** Task objective **
Any pictures in the records below must be left out when you repeat the lines from the line containing "Light and portable, this" through the line containing "С.Янжинхорлоо илтгэл танилцууллаа." exactly.

(Data supplied Opens)

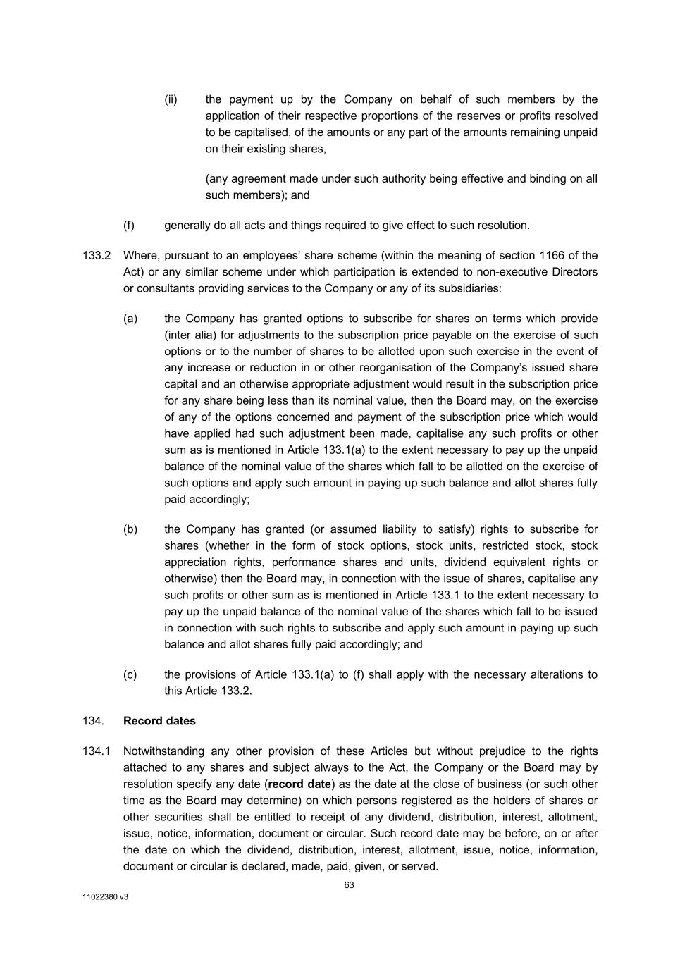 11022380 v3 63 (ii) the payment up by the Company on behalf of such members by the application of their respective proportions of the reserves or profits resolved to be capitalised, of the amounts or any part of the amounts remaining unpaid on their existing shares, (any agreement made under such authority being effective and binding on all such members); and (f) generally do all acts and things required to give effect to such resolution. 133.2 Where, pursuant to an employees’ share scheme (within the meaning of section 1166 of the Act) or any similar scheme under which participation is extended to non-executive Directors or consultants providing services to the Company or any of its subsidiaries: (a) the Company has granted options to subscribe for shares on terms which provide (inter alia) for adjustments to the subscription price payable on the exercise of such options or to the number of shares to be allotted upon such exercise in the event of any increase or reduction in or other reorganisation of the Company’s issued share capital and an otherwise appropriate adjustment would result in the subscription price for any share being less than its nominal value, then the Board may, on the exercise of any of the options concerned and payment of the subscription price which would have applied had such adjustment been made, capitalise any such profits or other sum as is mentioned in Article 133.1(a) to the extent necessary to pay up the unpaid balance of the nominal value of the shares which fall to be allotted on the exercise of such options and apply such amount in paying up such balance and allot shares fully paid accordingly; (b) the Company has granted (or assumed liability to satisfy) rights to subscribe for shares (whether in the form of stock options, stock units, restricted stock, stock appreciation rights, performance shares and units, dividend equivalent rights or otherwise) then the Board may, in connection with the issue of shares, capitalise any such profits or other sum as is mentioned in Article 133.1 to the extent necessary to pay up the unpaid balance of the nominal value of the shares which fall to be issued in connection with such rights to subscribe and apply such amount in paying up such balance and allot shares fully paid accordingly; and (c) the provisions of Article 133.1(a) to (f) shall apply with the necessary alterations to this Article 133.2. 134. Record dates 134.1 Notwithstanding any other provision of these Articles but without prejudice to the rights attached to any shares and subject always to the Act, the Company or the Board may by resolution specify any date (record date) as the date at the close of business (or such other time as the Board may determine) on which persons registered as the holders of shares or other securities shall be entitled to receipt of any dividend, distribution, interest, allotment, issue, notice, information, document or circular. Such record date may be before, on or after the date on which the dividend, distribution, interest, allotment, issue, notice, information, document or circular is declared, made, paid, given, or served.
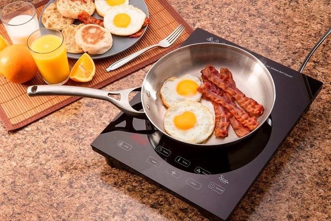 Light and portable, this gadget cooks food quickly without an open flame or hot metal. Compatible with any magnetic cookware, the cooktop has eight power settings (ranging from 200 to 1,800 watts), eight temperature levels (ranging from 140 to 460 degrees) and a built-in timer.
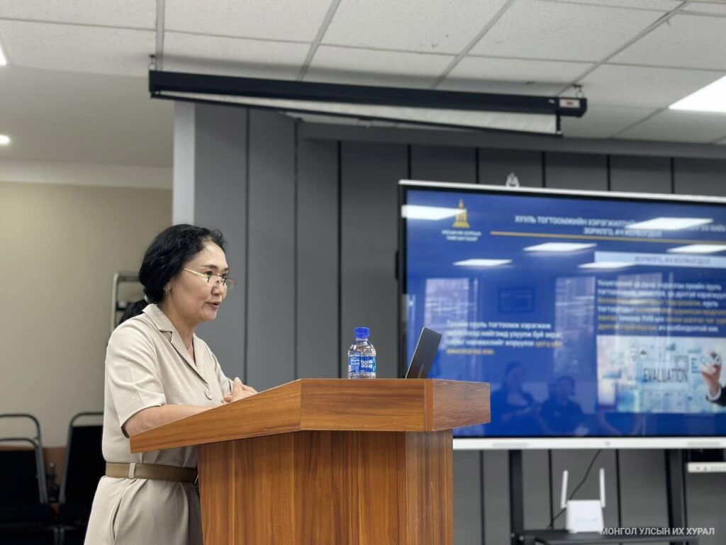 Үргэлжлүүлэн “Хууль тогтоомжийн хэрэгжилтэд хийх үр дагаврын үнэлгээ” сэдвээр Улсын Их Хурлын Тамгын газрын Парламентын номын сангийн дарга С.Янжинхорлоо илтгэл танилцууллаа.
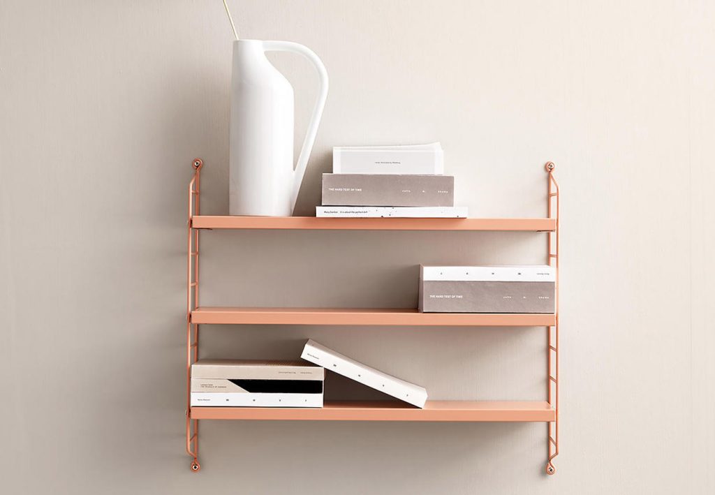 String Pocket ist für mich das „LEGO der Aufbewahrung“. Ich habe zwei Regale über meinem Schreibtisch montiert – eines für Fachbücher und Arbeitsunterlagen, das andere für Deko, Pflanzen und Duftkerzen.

(Data supplied Closes)
(Data supplied Opens)

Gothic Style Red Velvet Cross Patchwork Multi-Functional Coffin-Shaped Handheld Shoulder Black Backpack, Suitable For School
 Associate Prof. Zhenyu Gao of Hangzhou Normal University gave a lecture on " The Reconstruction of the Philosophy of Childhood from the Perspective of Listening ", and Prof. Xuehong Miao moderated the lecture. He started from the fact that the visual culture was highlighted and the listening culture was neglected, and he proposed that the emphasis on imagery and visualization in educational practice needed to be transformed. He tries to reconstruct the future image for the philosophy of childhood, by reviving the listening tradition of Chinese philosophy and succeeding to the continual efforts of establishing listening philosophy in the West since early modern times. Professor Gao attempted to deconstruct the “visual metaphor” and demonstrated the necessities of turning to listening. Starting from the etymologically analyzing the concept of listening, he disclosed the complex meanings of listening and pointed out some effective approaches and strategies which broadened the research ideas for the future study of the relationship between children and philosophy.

(Data supplied Closes)

** Task result **
 Light and portable, this gadget cooks food quickly without an open flame or hot metal. Compatible with any magnetic cookware, the cooktop has eight power settings (ranging from 200 to 1,800 watts), eight temperature levels (ranging from 140 to 460 degrees) and a built-in timer.
 Үргэлжлүүлэн “Хууль тогтоомжийн хэрэгжилтэд хийх үр дагаврын үнэлгээ” сэдвээр Улсын Их Хурлын Тамгын газрын Парламентын номын сангийн дарга С.Янжинхорлоо илтгэл танилцууллаа.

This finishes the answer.